■ **Exercise details**
Only the lines from the one containing "K422 A fine" through the end of the entries should be returned, exactly as they are, with the pictures omitted.
Supplied data Start Marker
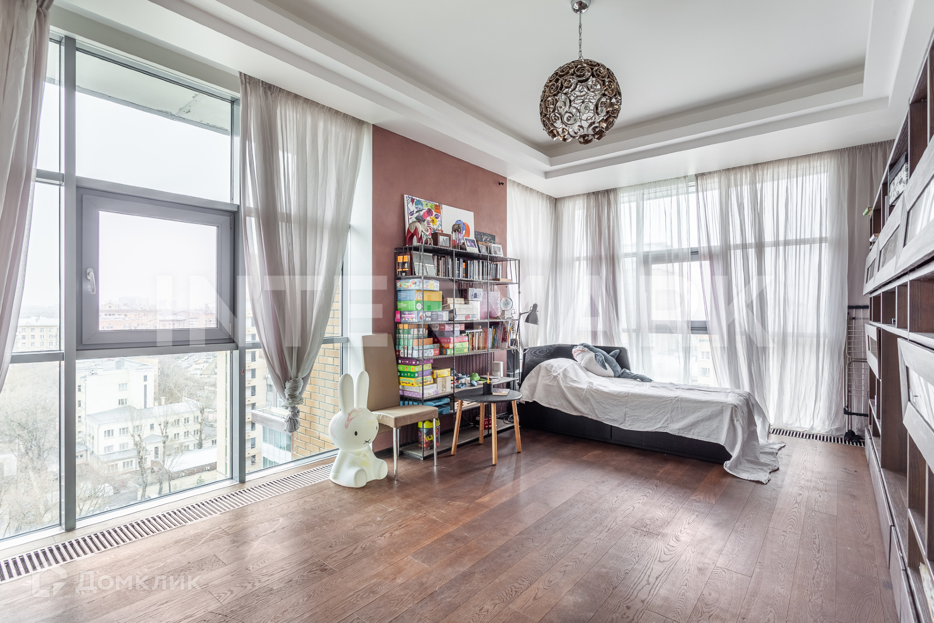 Лот 63552. Светлая видовая квартира площадью 178.1 кв.м в жилом комплексе премиум-класса. Окна в пол выходят на три стороны. Планировка включает в себя просторную кухню-гостиную, основную спальню, три детских спальни, две ванные комнаты, постирочную. Из окон открываются панорамные виды на Москва-Сити, МГУ, Новодевичий монастырь, МИД и гостиницу «Украина».
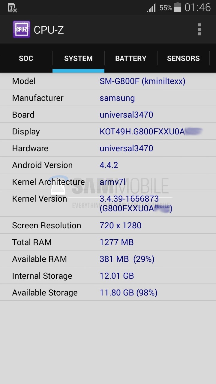 Per quanto riguarda le caratteristiche tecniche i benchmark AnTuTu e CPU-Z confermano che il Galaxy S5 Mini sarà così equipaggiato:
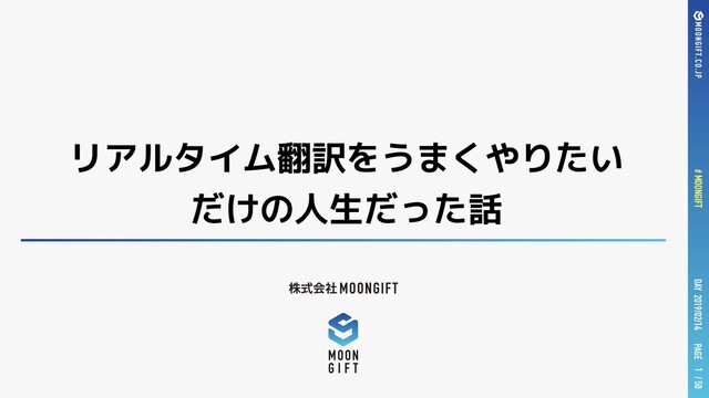 PAGE # MOONGIFT / 50 DAY 2019/02/14 まとめ •リアルタイム翻訳システムは色々闇が深い •予算がない場合はシステム化してもいいんじゃないだろうか
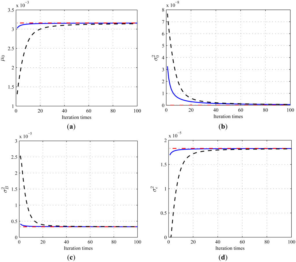 To demonstrate the interesting consequence derived in this paper, we use the third simulated degradation paths to illustrate the iteration process of the combination algorithm of the Bayesian updating and EM algorithm through estimating the unknown parameters of a specific item. Using the MLE method in Reference [40], the estimated results are Φ̂ |MLE = {3.3279×10−3,0,1.3245×10−6,2.3885×10−5} . The real and random prior parameters are respectively used for the parameters updating, where the random prior parameters are chosen as Φ = {1×10−3,9×10−8,3×10−5,1×10−5}. The iterative process of 100 times is illustrated in Figure 4. It is shown that the iteration based on the right prior parameters converges faster than that under the random prior parameters. However, they all converge to the results by using the MLE directly.
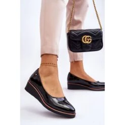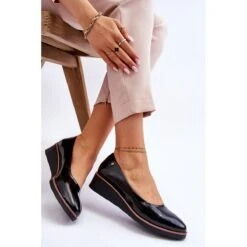 Les escarpins classiques sont en cuir écologique. Montée sur une plate-forme délicate et un petit talon compensé. Sur le côté de la tige se trouve un emblème décoratif avec un logo. Une semelle intérieure souple en cuir naturel et un contrefort de talon renforcé assureront confort et stabilité. Les escarpins ont un bout en amande. Lorsque vous choisissez une taille, veuillez utiliser le tableau des tailles.
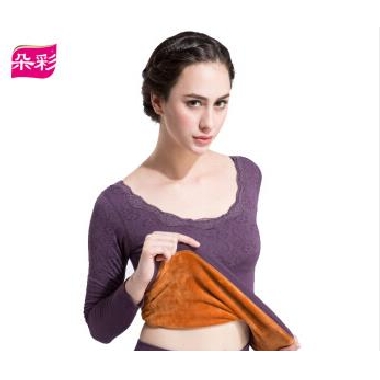 • Docare朵彩蕾丝花边紧身保暖内衣加厚加绒女士塑身圆领内衣套装
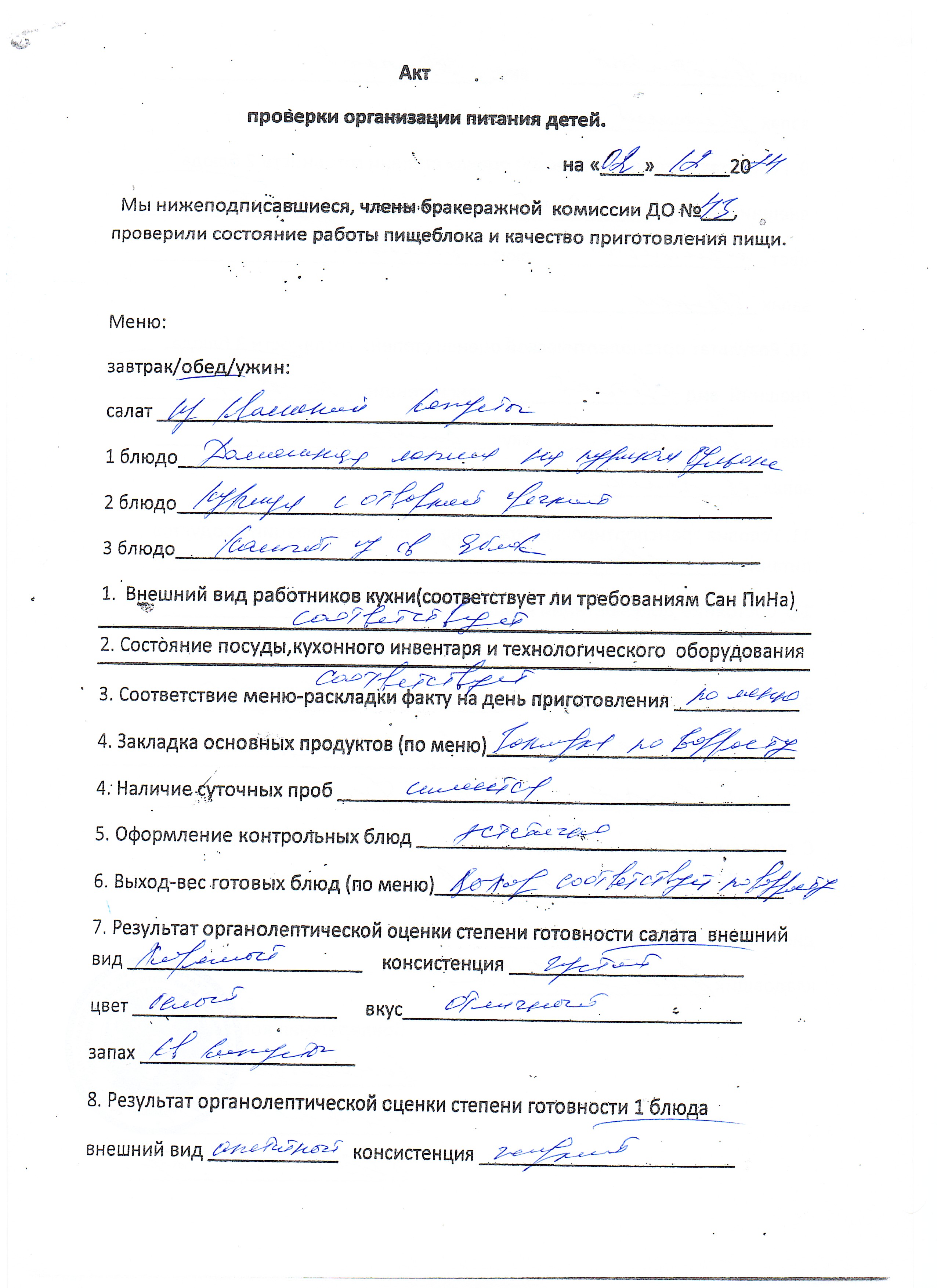 Ас мәзіріне бақылау жүргізу актісі/ Акт проведения контроля за меню
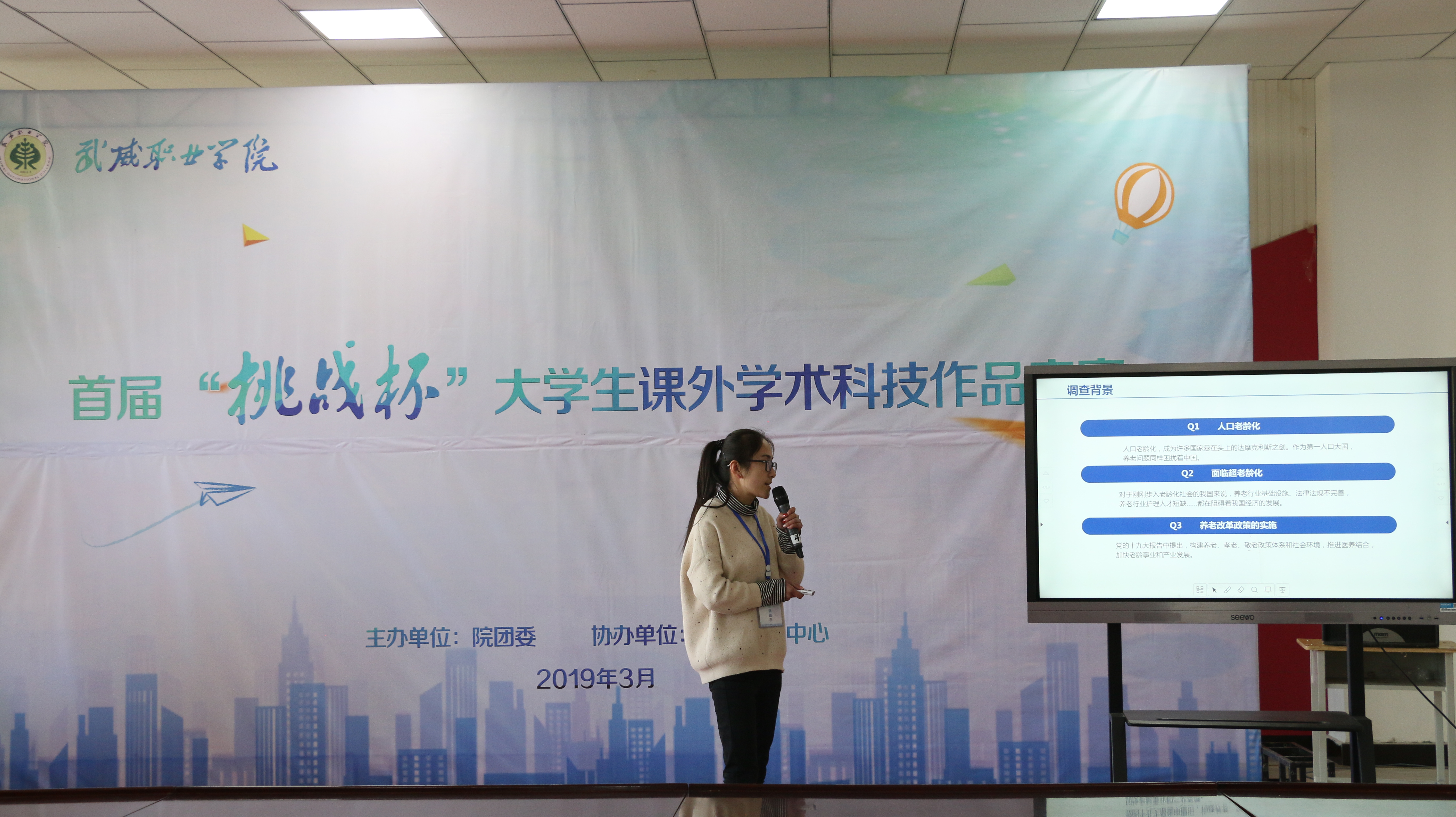 3月14日下午,學院首屆“挑戰(zhàn)杯”大學生課外學術(shù)科技作品競賽閉幕式在大學生活動中心學生事務(wù)中心舉行,副院長田迎春出席活動并講話,相關(guān)部門負責人和參賽師生共100多人參加了閉幕式。
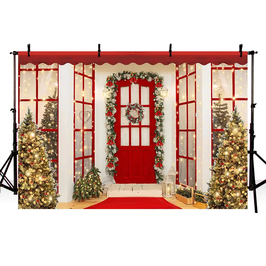 Фон для фотосъемки Mehofond зима Рождество красная дверь деревья Блестящий крыльцо дети семейный портрет фон реквизит для фотостудии
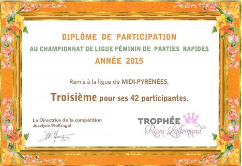 La Ligue Midi-Pyrénées est classée 3ème pour son nombre (42) de participantes au championnat de ligue féminin de parties rapides en 2015, record à battre en 2016.
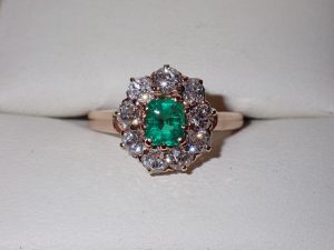 K422 A fine 18ct gold natural Colombian emerald cut emerald & diamond cluster ring Sweden 1900 Band D
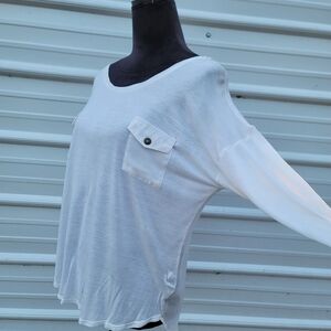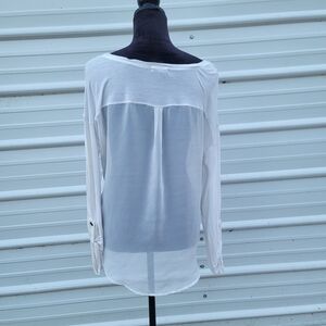 Mine Women's Long Sleeve Blouse Button Down Shirt Top Pockets Size L Solid White
Supplied data End Marker
■ **Answer section**
 K422 A fine 18ct gold natural Colombian emerald cut emerald & diamond cluster ring Sweden 1900 Band D
 Mine Women's Long Sleeve Blouse Button Down Shirt Top Pockets Size L Solid White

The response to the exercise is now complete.